Additionally, just as those who work for the cartels are often intimidated by their bosses who can make good on threats to do harm to family members back in their home countries, thugs living within immigrant communities can also make similar credible threats to the immigrants they live among. They can use this leverage to good advantage to convince witnesses to a crime, for example, to not speak with the police unless they want someone to “pay a visit” to their mother, sister, brother, or child back in their native country.

One of the tactics that are employed by drug traffickers who are operating in the United States is to “borrow” the apartment of a member of the community in which they live. The drug traffickers approach a person, often an older person, and tell them that they want to use their apartment for a couple of days. They will generally offer to give that person what would seem to be an amazing amount of money for a few days and require the person whose apartment is being “borrowed” to check into a hotel or sleep at a friend or family member’s apartment for a couple of days.

This is done to make it all but impossible for law enforcement to know where the drug transactions are being carried out.

Meanwhile nonstop drug sales will take place in the “borrowed” apartment for the next few days.

In some instances the person who is approached may balk at “renting” out his apartment and not be bothered. In other cases, however, the criminals make it clear that the person whose apartment is needed will either comply and be paid handsomely — perhaps a couple of thousand dollars — or the person or a family member in this country or back home, will be made to suffer the consequences.

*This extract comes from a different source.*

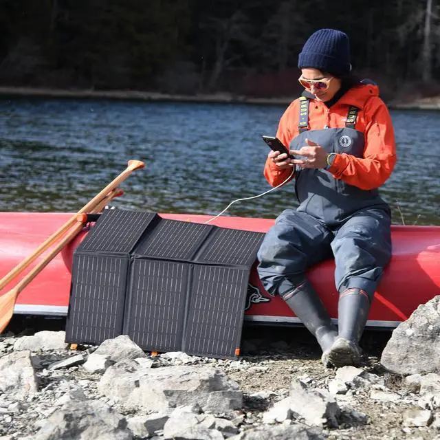 Ultra-Portable Design Weighing 6.4 lbs, the 6-fold panel unfolds to 33.8 × 28.1 × 0.2 inches for solar harvesting and folds to laptop-sized dimensions ( 13.8 × 9.1 × 2.2 inches) with a carry handle. Ideal for camping, road trips, or emergency home use.

This is the reality that those who oppose the enforcement of immigration laws deny.

They will continually make statements about how the enforcement of our nation’s immigration laws would do serious harm to community policing. I can tell you from personal experience that nothing could be further from the truth! While it is certainly true that aliens who come from countries where police corruption is widespread would be reluctant to speak with anyone who carries a badge, this is not because of potential interaction by police with immigration. As an INS Special Agent assigned to the Unified Intelligence Division of the DEA, and then when I was promoted to Senior Special Agent and assigned to the Organized Crime, Drug Enforcement Task Force, one of my key responsibilities was to work closely with members of various police departments, including the NYPD, New York State Police, and other local police departments, to cultivate informants and cooperators without whose assistance a number of our successful investigations might never have been conducted.

The immigration laws provide tremendous incentives for aliens to come forward to provide information about criminal activities. Visas can be awarded to illegal aliens who provide important information. When the information is of sufficient importance, even immediate family members may be brought to the United States as lawful immigrants.

Victims of crimes who are illegal aliens may also receive immigrant status under certain conditions, and hence there are real and compelling incentives for aliens to welcome opportunities to cooperate with law enforcement when immigration is factored in.

While aliens who are victims of crimes and aliens who are cooperators can secure significant rewards, immigration laws can be extremely effective in punishing aliens who commit serious crimes. There are specific criminal charges that can, for example, be brought against an illegal alien who is found to be in possession of a firearm, unlawfully reentered the United States after being deported without first securing the appropriate authorization, or committed visa fraud.

There is another advantage that is almost never discussed, where synergy can be created by coupling immigration law enforcement with other law enforcement agencies: the issue of bail hearings.

As an INS Special Agent I was often called upon to provide evidence at bail hearings.

Bail hearings generally focus on two primary issues: danger to the community and risk of flight by the defendant. When a police officer or other law enforcement officer arrests a suspect, it is usually not difficult to make a compelling case to illustrate the risk of violence to the community if the suspect was, for example, found to be in possession of a weapon when he was arrested. The issue of danger to the community comes into sharper focus if the crime the suspect was arrested for committing involved the use of force or violence.

Risk of flight, however, can be more difficult to ascertain and goes to the state of mind, community ties, and other possibly nebulous factors.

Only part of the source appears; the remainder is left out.